Flight, January 8, 1910
Flying in Canada.
MR. MCCURDY has again commenced active practice on the "Baddeck No. 2" at Baddeck, and a few days ago flew for about eight miles at an altitude varying between 30 and 250 feet. The weather was extremely cold, and it was this which eventually caused the termination of the flight. Further experiments are to be made over the frozen lakes. Prof. Graham Bell has stated that the machine is now fitted with a motor which should enable it to be run for a whole day, and Messrs. McCurdy and Baldwin are now endeavouring to bring their flying machine to a stage at which it would be of commercial use.
Flight, March 19, 1910
Flying in Canada.
MR. D. C. FRASER, Governor of Nova Scotia, and Major Maunsell, of the Canadian Militia, witnessed flights with the Baldwin-McCurdy biplane at Baddeck, on the 13th inst. In all, eight flights were made, the total distance covered being about 20 miles, while the average altitude was between 50 and 100 ft.
Flight, April 9, 1910
BADDECK NO, 2 BIPLANE.
FROM two photographs which we reproduce herewith a very good idea can be obtained of the "Baddeck No. 2" biplane, with which Messrs. Baldwin and McCurdy have been experimenting (or some time at Dr. Graham Bell's laboratory at Baddeck, Nova Scotia. It will be seen that wing tips are still used for correcting lateral stability and steering, although they are somewhat different in shape to those used on the "Silver Dart" machine, which, it will be remembered, was the forerunner of " Baddeck No. 2." They are about 5 ft. by 5 ft. in size, and hinged near their front edges, and are controlled by means of a fork fitting around the aviator's shoulders. The main planes are of 40 ft. span, and have a chord of 7 ft. at the centre, gradually diminishing to 5 ft. at the tips. Fifteen feet in advance of the leading edge is fitted the biplane elevator, the surfaces of which are 12 ft. by 28 ins., placed 30 ins. apart, and the tail, mounted 11 ft. behind the main plane, is of exactly similar size. Steering is effected on a somewhat similar system to the Curtiss machine, a fore and aft movement of the steering-wheel adjusting the elevator, while twisting the wheel operates the vertical rudder.

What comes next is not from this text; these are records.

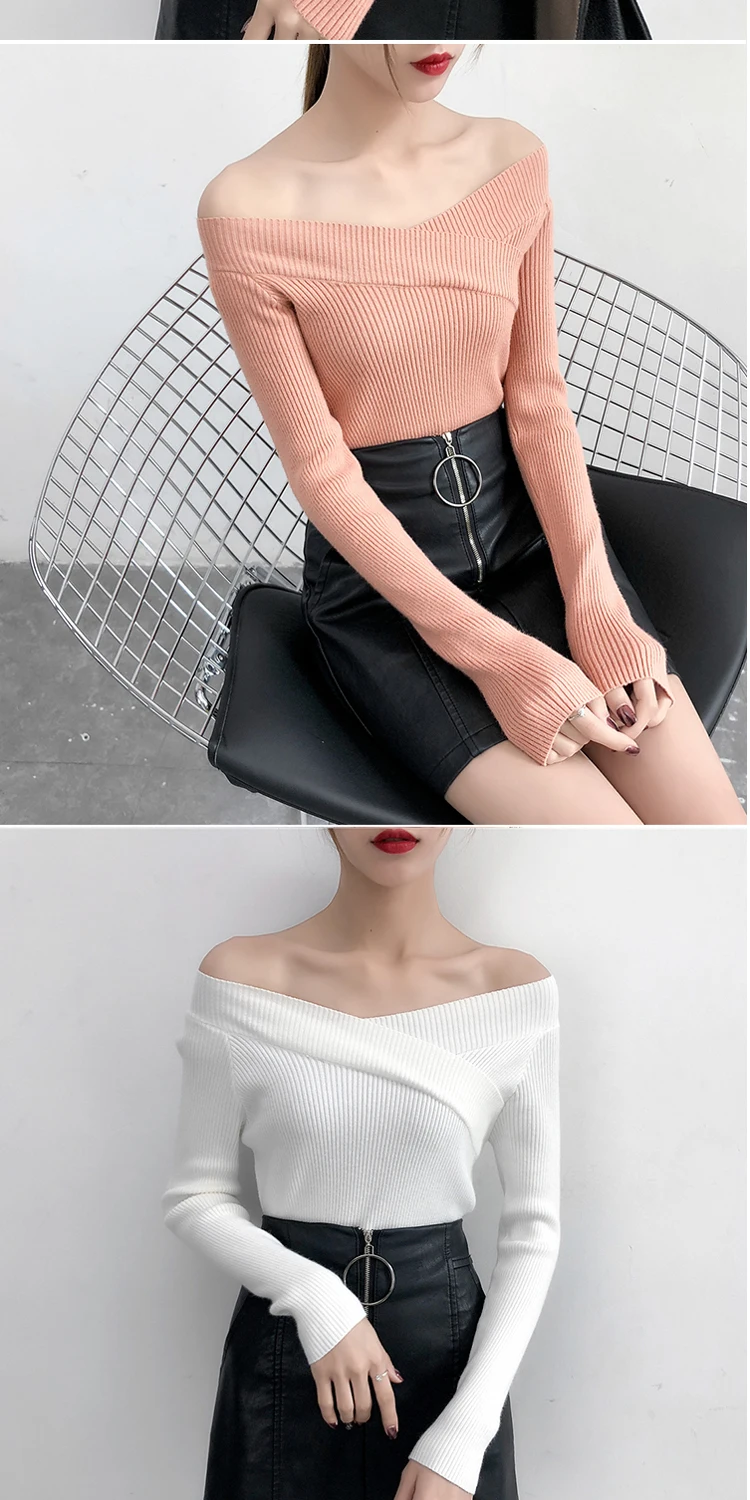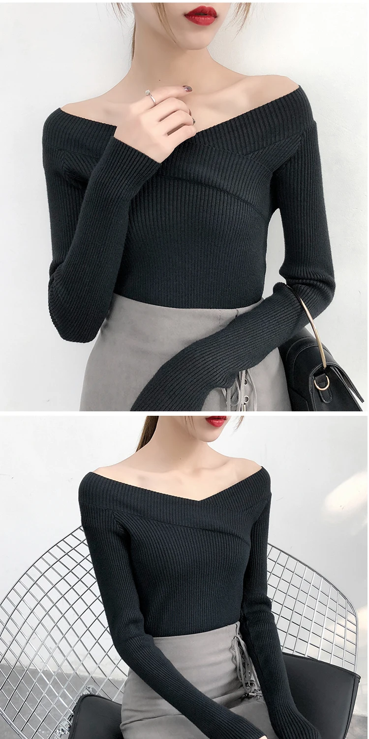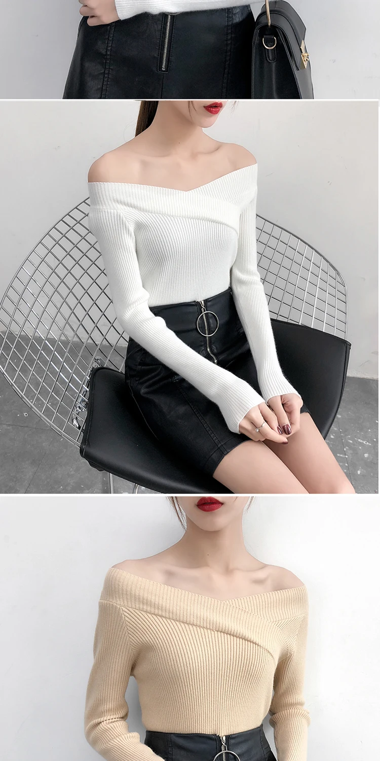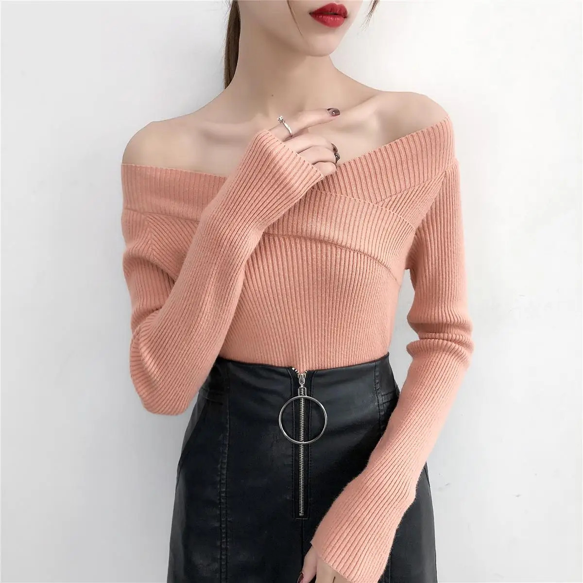 Новые поступления, сексуальные женские трикотажные пуловеры с открытыми плечами, свитеры, сезон осень-зима 2019, женская трикотажная одежда с длинным рукавом, женские топы
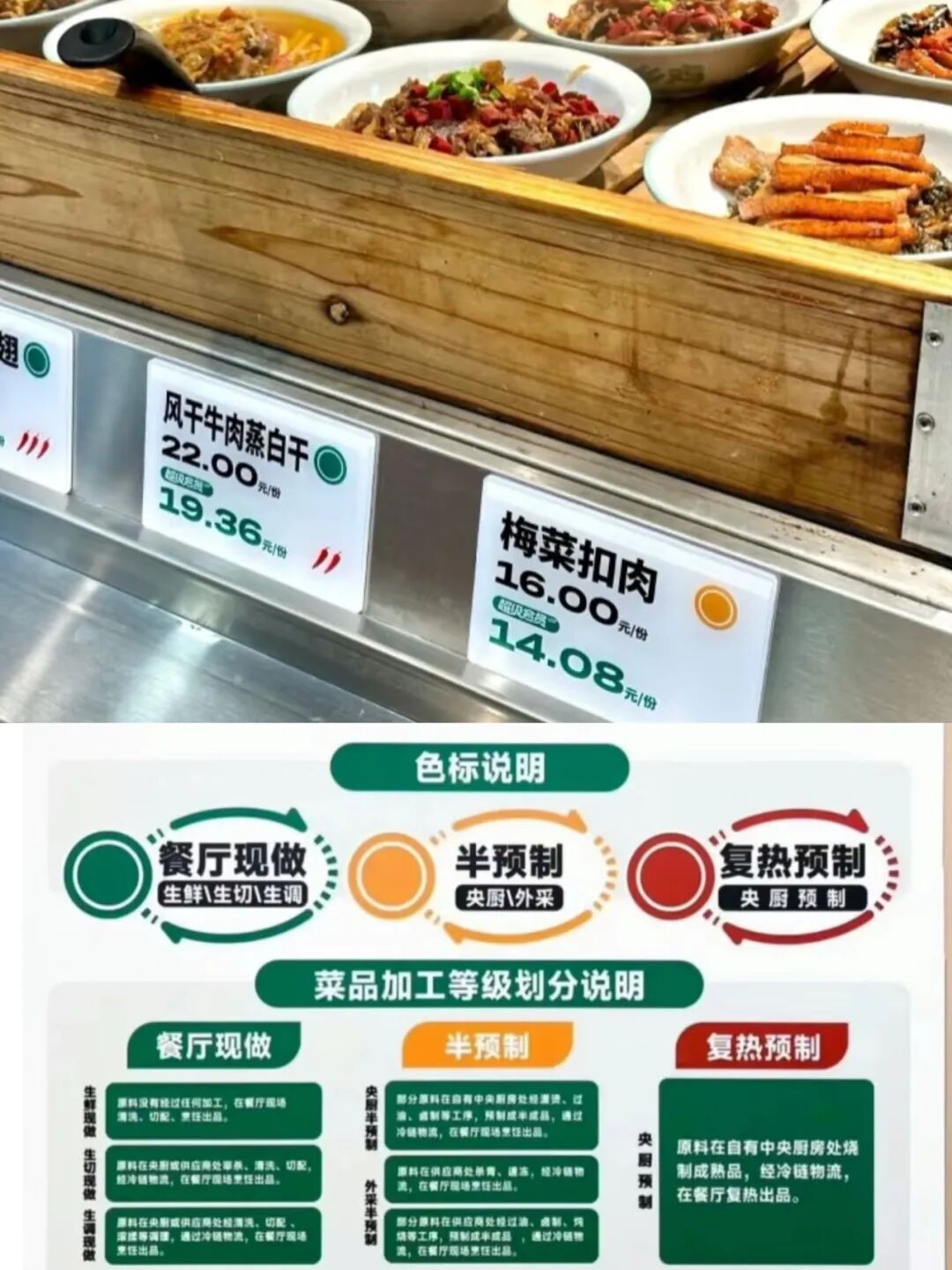 在這點上,老鄉(xiāng)雞為行業(yè)做出了榜樣,首創(chuàng)的“紅綠燈”公示體系收獲了消費者的贊譽:綠色標簽代表現(xiàn)做菜品,黃色為中央廚房半成品,紅色為完全預(yù)制菜。
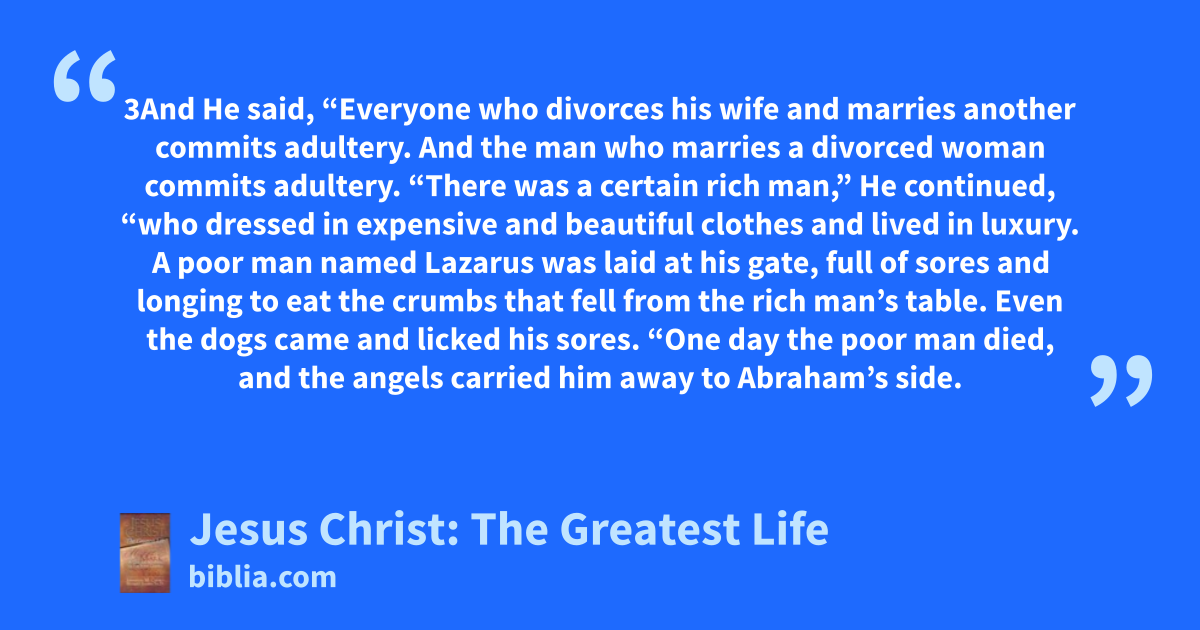 3And He said, “Everyone who divorces his wife and marries another commits adultery. And the man who marries a divorced woman commits adultery. “There was a certain rich man,” He continued, “who dressed in expensive and beautiful clothes and lived in luxury. A poor man named Lazarus was laid at his gate, full of sores and longing to eat the crumbs that fell from the rich man’s table. Even the dogs came and licked his sores. “One day the poor man died, and the angels carried him away to Abraham’s side.
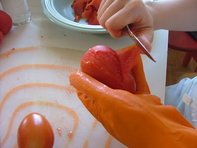 Stevie has mentioned a few times that she was interested in learning Italian (she comes from Italian stock), so we finally decided to do our first cena italiana this past week. The idea was simple: cook an Italian meal, drink Italian wine, and speak as much Italian as we could, pointing and miming our way through it. I enlisted Toni to join us to keep the conversation going and to be an additional teacher in the room. Lesson #1 went well, with Stevie learning and recording a few key terms and present tense verbs in a little notebook I gave her, while assuming her usual duties of chef/sous-chef combo when we cook together.
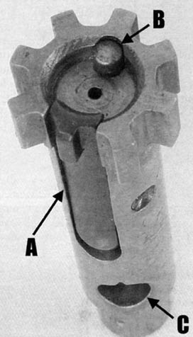 导气管外形象活塞,其上有三个位置:正常气孔、加大气孔、关闭气孔。加大气孔供恶劣条件下使用,关闭气孔供发射枪榴弹时使用。射击时导气套管在火药气体推动下后退,传递后坐冲量,经过一个短行程后,由四个径向孔排出废气。活塞杆负责把导气套管传递过来的冲量传递给枪机框。
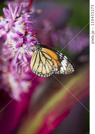 蝶がピンク色の花の蜜を吸っています。蝶の名前はスジグロカバマダラです。
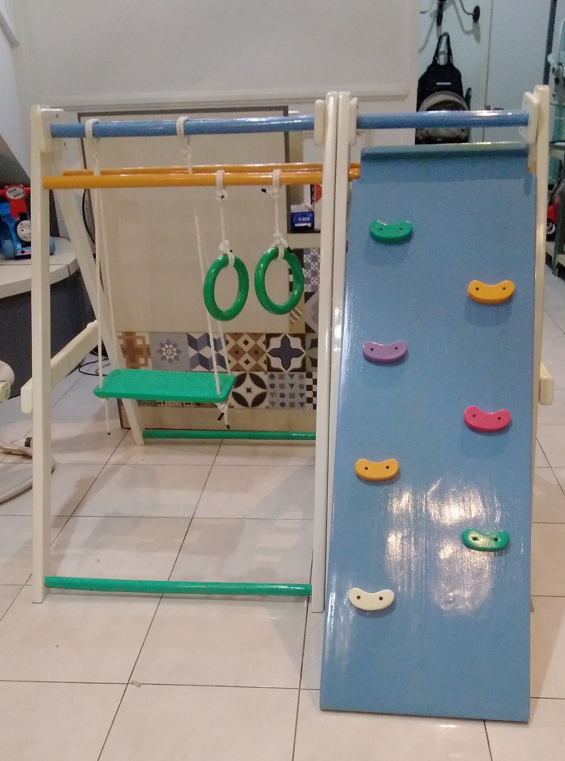 Mainan ini didesain untuk brakiasi/bergelantungan sehingga mampu melatih otot dan ketangkasan anak. Selain itu juga sangat bermanfaat untuk mengembangkan kemampuan motorik kasar anak, mengontrol keseimbangan, kreativitas, melatih keberanian anak dan fokus pada anak.
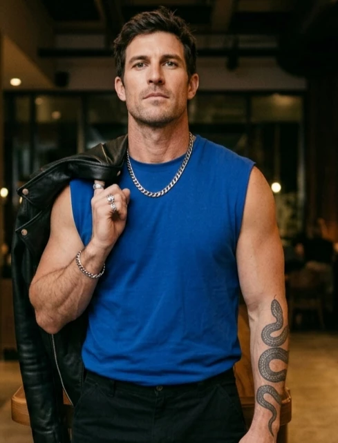 Dillon Thornton — Dillon Thornton: The Price of Loyalty Five years in a concrete cell, paid for with the prime of his life – all for a crime he never committed. Dillon Thornton, a 40-year-old "bad boy" with a heavy dose of honor and a hard past, took the rap for his little brother, protecting him from a prison sentence that would have broken him. Now, he's just stepped out, the sting of betrayal mingling with the harsh realization of five lost years. He's got the look of a man who's seen too much, with a square jaw, a powerful build, and a detailed snake tattoo coiling up his right arm. But behind the rugged exterior and the glint of a thick silver chain is a man desperate for a fresh start, looking for work and a chance to rebuild the life that was unfairly taken from him.
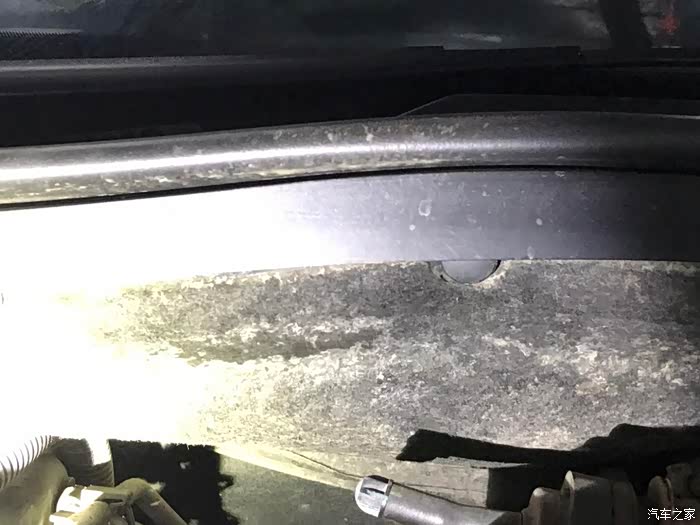 三个卡扣拽下来之后往外拽这边的隔音棉,之后就看到一个这个图中间的那个黑色的盖子, 往外拉这个盖子。之后就看到了里面旧的空调滤。
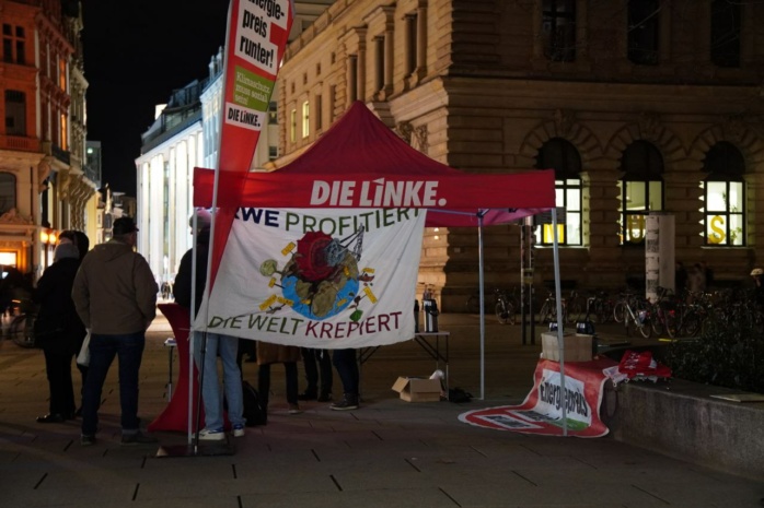 Abseits vom Geschehen auf dem Augustusplatz rief um 18 Uhr außerdem der Stadtverband von Die Linke zur Kundgebung unter dem Motto „Arbeitskampf und Klimakampf verbinden – Solidarität mit den Aktivist/-innen in Lützerath“ auf dem Wilhelm-Leuschner-Platz auf. „Die Profite von Großunternehmen und Aktionär/-innen dürfen nicht über die Bewohnbarkeit des Planeten gestellt werden. Deswegen Solidarität mit den AktivistInnen in #Lützerath – Arbeitskampf und Klimakampf verbinden“, (Wortlaut übernommen, Anm. d. Red.), hieß es im Vorfeld zur Veranstaltung.
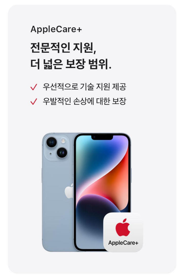 애플케어 등록을 통해 우선적으로 기술 지원 제공과 우발적인 손상에 대한 보장을 받을 수 있어요.
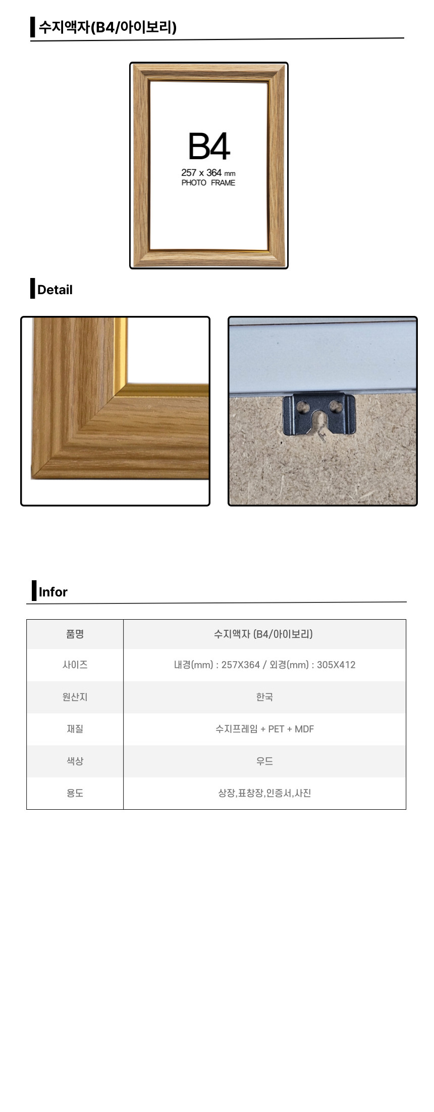 ■ 품명 및 모델명 : 수지액자(B4/아이보리/내경: 257*364mm)

A single propeller of 7 ft. 8 ins. diam. and 6 ft. pitch is fitted, and is chain-driven in the ratio of 3 to 5 from a 6-cyl. Water-cooled Kirkham motor of 40-h.p. The radiator consists of thirty flattened tubes 7 1/2 ft. long by 3 ins. wide and 3/32 in. thick, and they are curved and arranged in a similar way to the main planes, so that they are practically self-supporting when travelling through the air. The photos were taken while the machine was flying over the Bras d'Or Lake, and are reproduced from our contemporary, the Scientific American.